TAMARA KEITH: GMAC is critical to both GM and now Chrysler after its finance arm was dissolved in bankruptcy. GMAC financing helps dealers stock their lots and helps consumers buy cars. Bill Visnick is a senior editor at Edmunds Auto Observer.

BILL VISNICK: Car dealers need GMAC to be able to extend that financing to the customers who are coming in to the dealerships because nobody can afford to turn away a customer, a live prospect in the dealership right now.

The stress tests showed GMAC was in big trouble. Federal regulators said GMAC needed to raise $11.5 billion in capital and admitted it would probably need government help.

MARYANNE KELLER: Frankly the balance sheet of this finance company is a wreck.

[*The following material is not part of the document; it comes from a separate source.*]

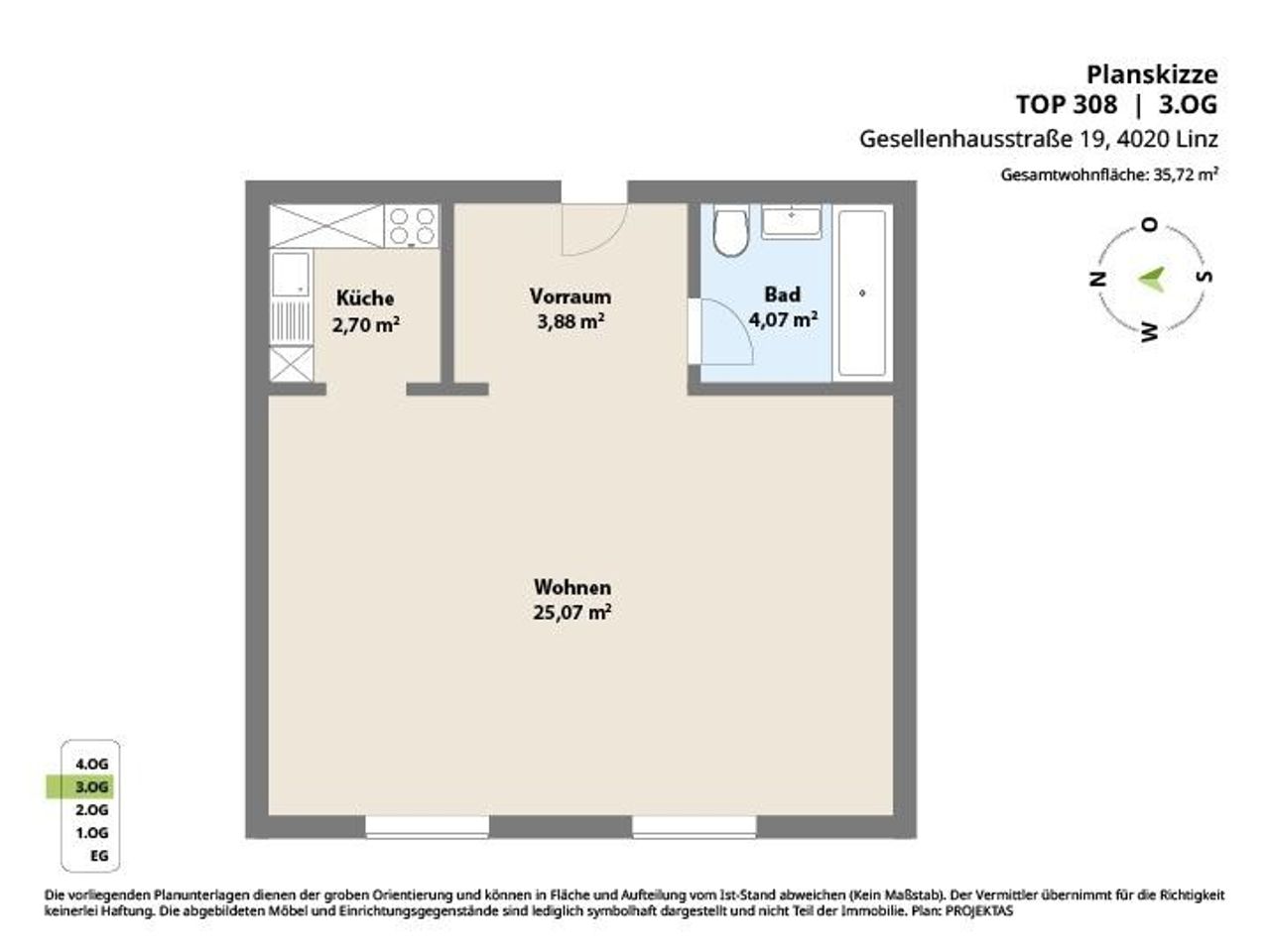 Im 3. OG (mit Lift) des Hauses Gesellenhausstraße 19 in Linz befindet sich diese helle 1 Zimmerwohnung. Nur wenige Gehminuten von der Landstraße entfernt, genießt man alle Vorzüge der Linzer Innenstadt.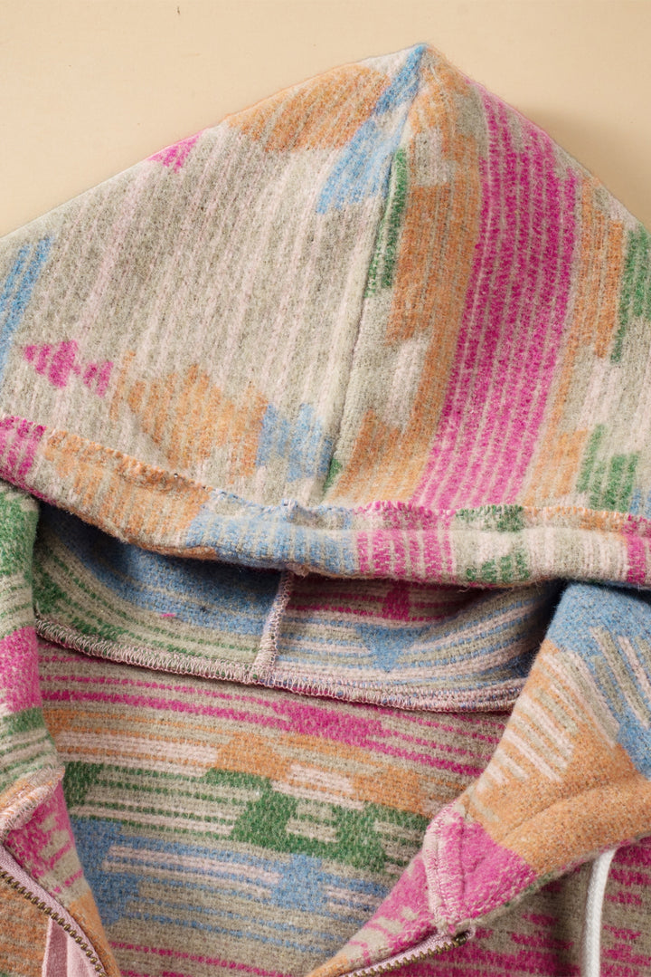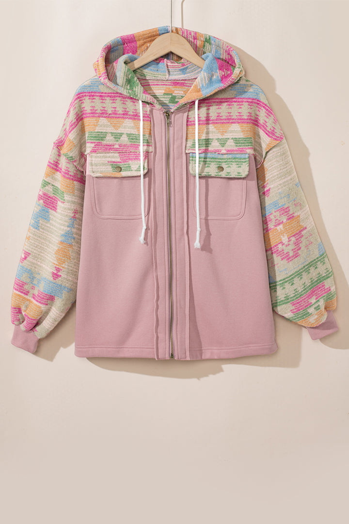 Aztec Patch Drawstring Hooded Zip Up Jacket

Maryanne Keller is an independent automotive analyst.

KELLER: So I’m sure that this money is going to be used to help facilitate some great big end of model year blowout sale.

Complete with too-good-to-be-true auto finance deals. But imagine being the Ford dealer across the street. Keller says carmakers that haven’t gotten government help could be at a real disadvantage.

KELLER: They have to fund their dealers, they have to fund their consumers. And they are going to be competing against two government-controlled entities where it seems that money in any amount is no object.

Money… no object. Hmmm. That’s starting to sound familiar.

In Washington, I’m Tamara Keith for Marketplace.